Monday, May 30, 2011

Gone for a Burton

Beer Party, July, 1944

I came across this photo a while back. I thought Memorial day was a good time to share it. The original image is from b26.com and titled Beer Party, July, 1944. The fellows are Orin Basco (center) and Frank Sharp (left), Crew Chief of the Martin B-26, Dragon Wagon. These guys were part of the USAAF, 391st Bomb Group, 574th Bomb Squadron operating out of RAF Matching Green; an airfield north of London.

The photo is beery enough and the barrels dated July 25 — marked with an X, noting their mild ale contents — are wonderful in and of themselves. However, what really strikes me about this image is the crew's sense of normalcy. A quick break on a summer's day for a beer. A nice gesture by a local brewery for the Yanks on the Green. But, it wasn't just a break for a beer. It was a break from the sight of a limping bomber returning home through grey English skies. A break from the howl of ambulances as they skittered across the green grass edging the tarmac. A break from the smell of burning oil and rubber, gunpowder and airplane exhaust. A break from olive drab metal ripped by shrapnel and riddled by bullets. A break from the cries and moans of injured men, rising over the sputter of propellers slowing to a stop. A break from blood, burns and bandages. A break from jeeps strapped with liters, carrying off the broken bodies of dead and wounded friends. A break from the nightmares, that they knew would come later that night, just like the night before. A break from the war.

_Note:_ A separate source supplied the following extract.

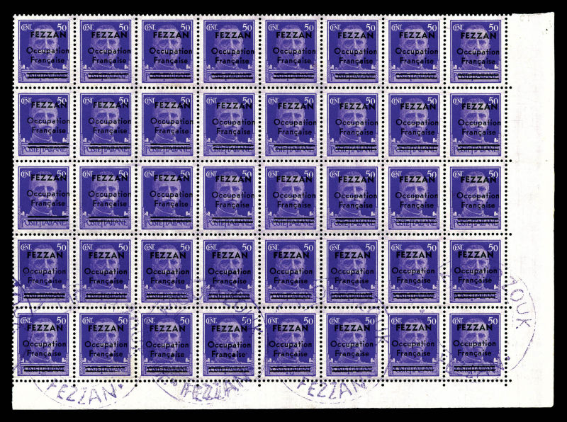 3156 imageN°1, 50c violet, panneau de 40 exemplaires dont 16 oblitérés, coin de feuille. SUP (signé Calves/certificats) Qualité: ** Cote: 4440 euros (Image) (image2) (All Images)
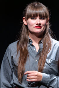 REC : Ce qui m’a plu dans votre présentation c’est le mot poésie… enfin de l’impro poétique ! Quand je l’ai vu, j’ai pensé aux contes d’Andersen puis mon imaginaire s’est déporté dans l’univers de Saint-Exupéry. Oui nous avons une jeune comédienne dynamique sur scène, mais au-delà on a une poétesse qui nous amène dans son univers : on assiste à de la poésie intemporelle !

Just for a fleeting moment, those ten ounces of sweet mild ale, drank from their canteen cups, would help those crewmen forget the war, and Germany, and being away from home. Any break, any sense of normality, had to have been a godsend. The photo doesn't show those men at war, it shows them in war. Drinking that little X ale was a simple act of ordinariness during extraordinary circumstances.

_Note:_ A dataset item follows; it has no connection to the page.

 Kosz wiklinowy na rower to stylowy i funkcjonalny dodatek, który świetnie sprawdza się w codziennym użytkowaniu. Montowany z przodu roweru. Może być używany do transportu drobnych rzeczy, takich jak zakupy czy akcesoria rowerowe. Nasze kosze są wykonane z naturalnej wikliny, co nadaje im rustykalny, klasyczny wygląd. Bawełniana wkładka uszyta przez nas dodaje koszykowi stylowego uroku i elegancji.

Three days before Christmas 1944, a German fighter plane would eviscerate the Dragon Wagon; blasting 20mm rounds through her engines and thin aluminum skin. Five of her crew jettisoned themselves from the collapsing aircraft — floating on parachutes to the snowy Belgian fields below. Her pilot, 2nd Lieutenant Jack Haynes, would not.

On this Memorial Day, while your drinking your beer and having your cook-outs. Please, raise your glass to the men and women who have sacrificed themselves, so we do not have to. A toast to those who have just gone for a Burton.